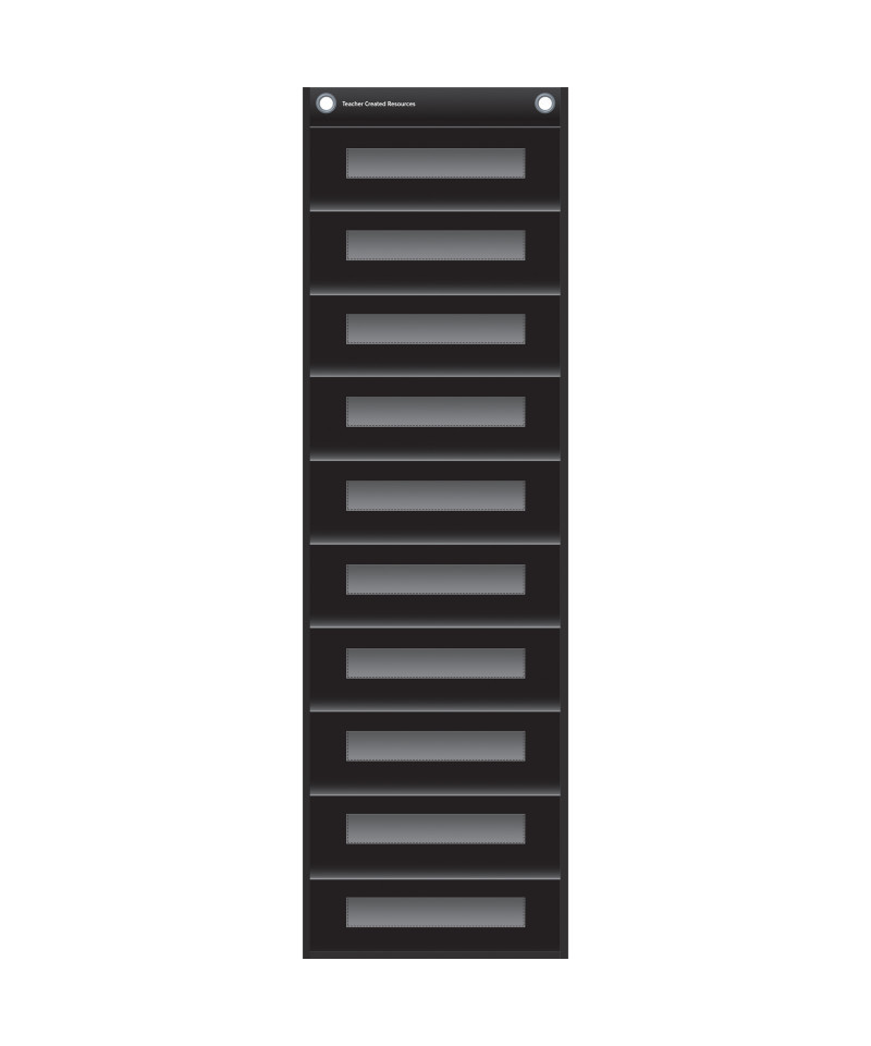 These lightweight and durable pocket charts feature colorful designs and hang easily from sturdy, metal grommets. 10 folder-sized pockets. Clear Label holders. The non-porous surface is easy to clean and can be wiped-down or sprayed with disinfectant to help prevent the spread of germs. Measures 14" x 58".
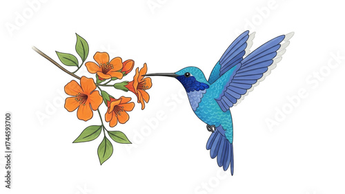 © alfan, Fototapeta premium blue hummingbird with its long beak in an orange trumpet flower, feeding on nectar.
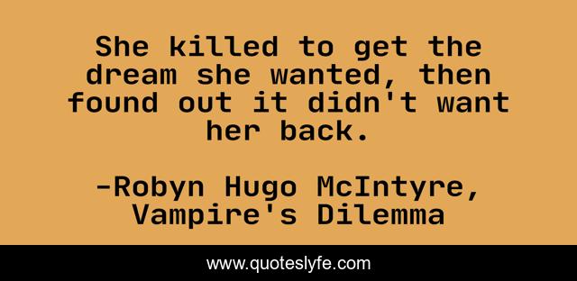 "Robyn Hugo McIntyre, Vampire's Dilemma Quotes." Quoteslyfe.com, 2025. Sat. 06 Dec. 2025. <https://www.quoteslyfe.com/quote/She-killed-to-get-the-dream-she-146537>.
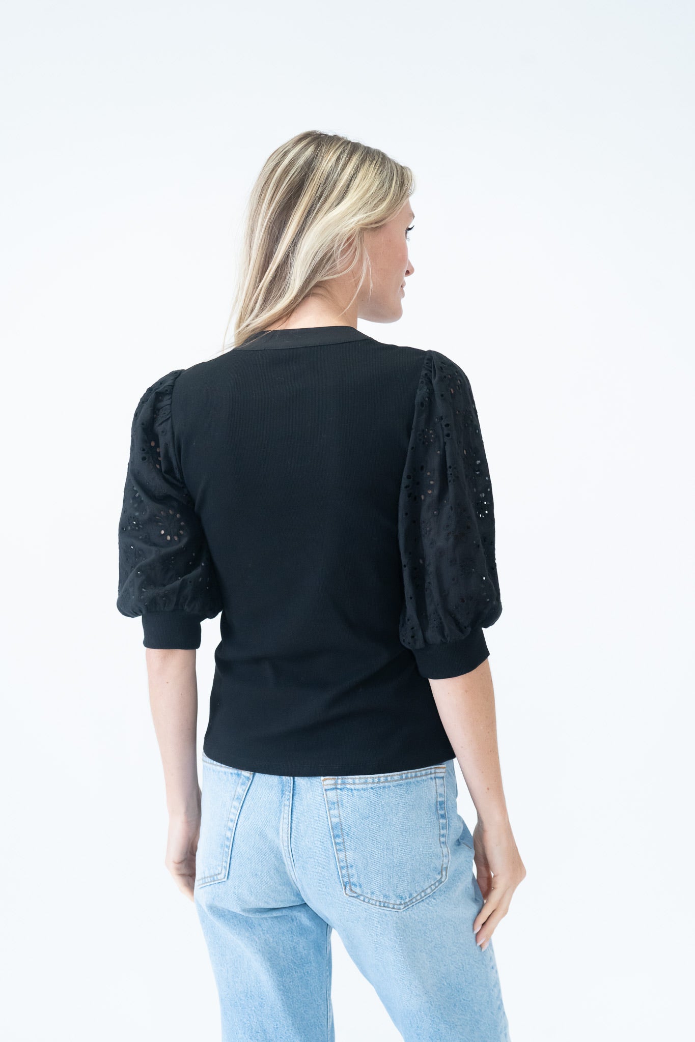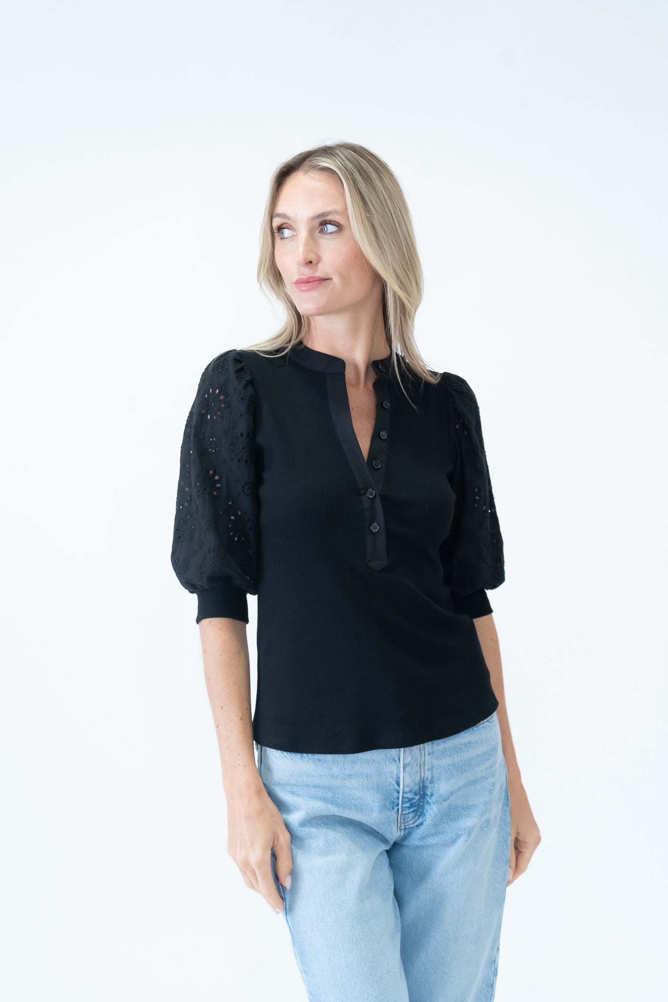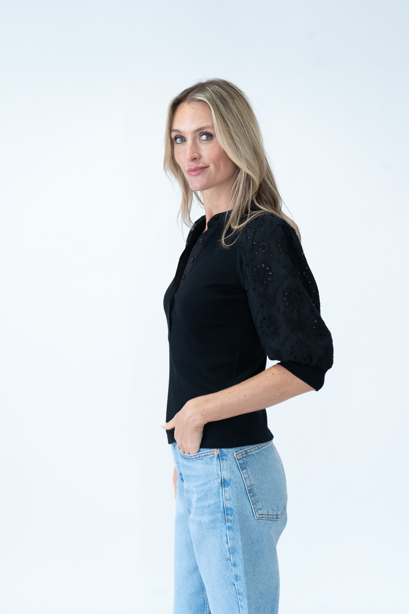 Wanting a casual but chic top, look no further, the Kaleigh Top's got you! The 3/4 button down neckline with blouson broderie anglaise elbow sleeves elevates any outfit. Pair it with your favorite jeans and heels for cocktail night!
------------------------------------
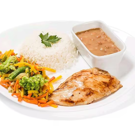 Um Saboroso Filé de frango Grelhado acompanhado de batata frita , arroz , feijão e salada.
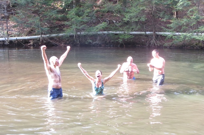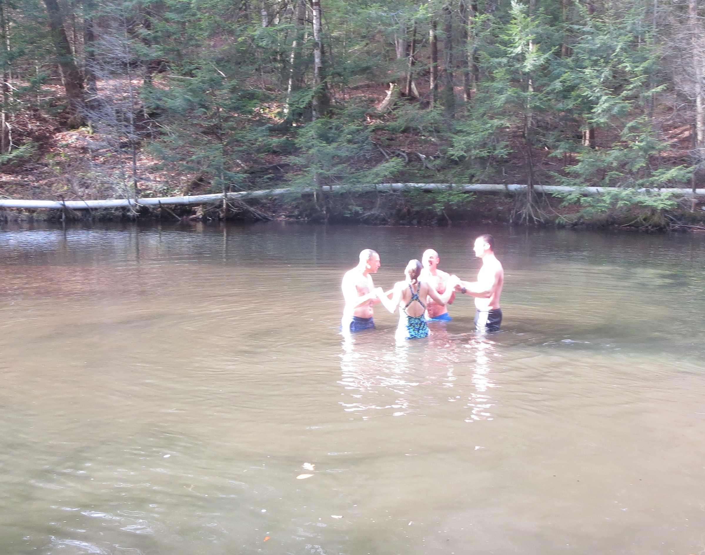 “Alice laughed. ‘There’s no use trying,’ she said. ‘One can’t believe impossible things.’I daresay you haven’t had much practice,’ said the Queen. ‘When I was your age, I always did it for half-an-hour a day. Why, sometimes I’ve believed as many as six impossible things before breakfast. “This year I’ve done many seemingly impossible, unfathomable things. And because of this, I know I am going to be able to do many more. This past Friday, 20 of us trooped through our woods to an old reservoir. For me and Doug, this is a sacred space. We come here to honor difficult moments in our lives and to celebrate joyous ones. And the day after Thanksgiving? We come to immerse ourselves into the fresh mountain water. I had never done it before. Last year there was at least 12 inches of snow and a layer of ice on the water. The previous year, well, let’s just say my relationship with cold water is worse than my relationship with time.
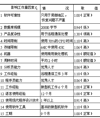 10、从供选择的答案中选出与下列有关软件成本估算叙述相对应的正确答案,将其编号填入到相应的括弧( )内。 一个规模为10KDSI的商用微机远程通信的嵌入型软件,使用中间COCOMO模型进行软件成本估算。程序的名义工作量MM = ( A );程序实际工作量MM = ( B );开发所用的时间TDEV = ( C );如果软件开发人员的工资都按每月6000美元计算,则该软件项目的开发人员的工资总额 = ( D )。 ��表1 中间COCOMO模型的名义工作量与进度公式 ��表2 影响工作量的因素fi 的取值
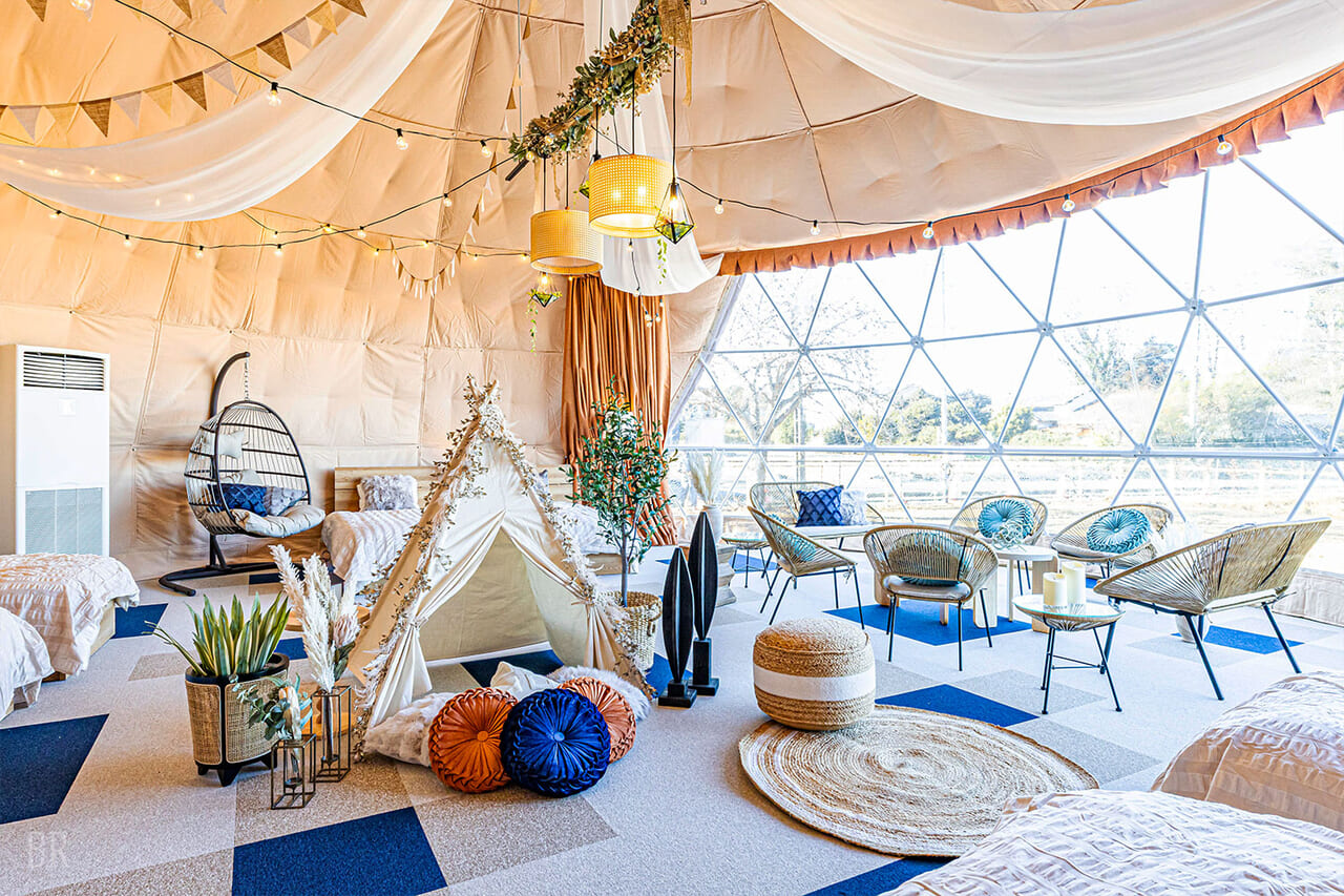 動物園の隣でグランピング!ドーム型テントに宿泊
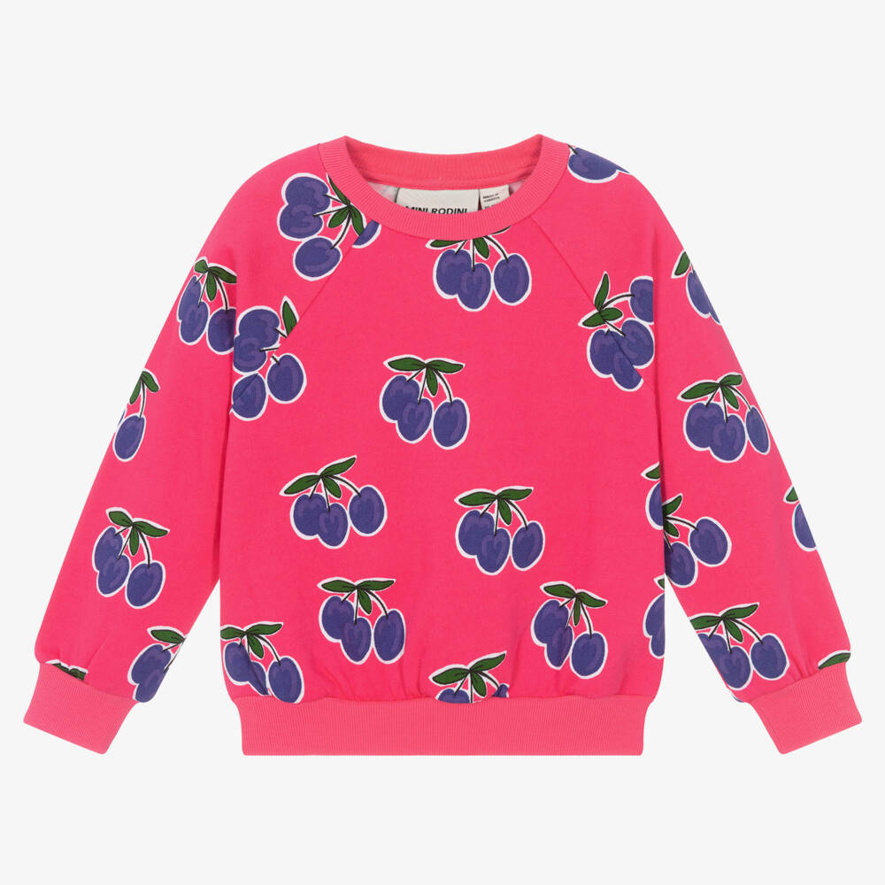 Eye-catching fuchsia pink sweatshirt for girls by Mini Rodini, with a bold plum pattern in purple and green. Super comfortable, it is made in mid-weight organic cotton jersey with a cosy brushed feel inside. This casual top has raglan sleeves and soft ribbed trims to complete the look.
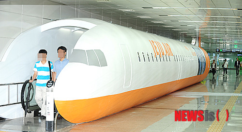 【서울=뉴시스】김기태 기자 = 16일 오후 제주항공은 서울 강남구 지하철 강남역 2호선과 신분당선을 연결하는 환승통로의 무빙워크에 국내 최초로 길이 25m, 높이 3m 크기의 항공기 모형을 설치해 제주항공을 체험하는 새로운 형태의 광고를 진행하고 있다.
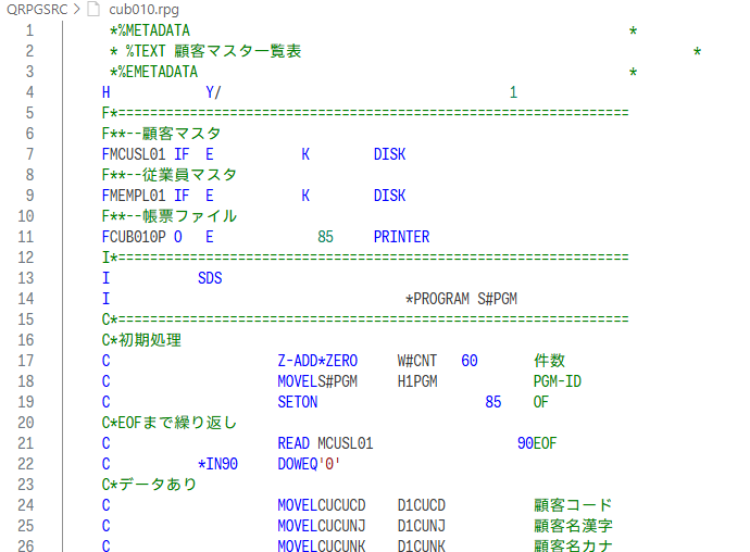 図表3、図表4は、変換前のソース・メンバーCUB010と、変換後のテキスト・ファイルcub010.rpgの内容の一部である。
------------------------------------
[Your task]: Those lines of the records above that run from the one containing "These lightweight and" through the one containing "Wanting a casual" should be returned exactly, with no pictures among them.

[Expected output]:
 These lightweight and durable pocket charts feature colorful designs and hang easily from sturdy, metal grommets. 10 folder-sized pockets. Clear Label holders. The non-porous surface is easy to clean and can be wiped-down or sprayed with disinfectant to help prevent the spread of germs. Measures 14" x 58".
 © alfan, Fototapeta premium blue hummingbird with its long beak in an orange trumpet flower, feeding on nectar.
 "Robyn Hugo McIntyre, Vampire's Dilemma Quotes." Quoteslyfe.com, 2025. Sat. 06 Dec. 2025. <https://www.quoteslyfe.com/quote/She-killed-to-get-the-dream-she-146537>.
 Wanting a casual but chic top, look no further, the Kaleigh Top's got you! The 3/4 button down neckline with blouson broderie anglaise elbow sleeves elevates any outfit. Pair it with your favorite jeans and heels for cocktail night!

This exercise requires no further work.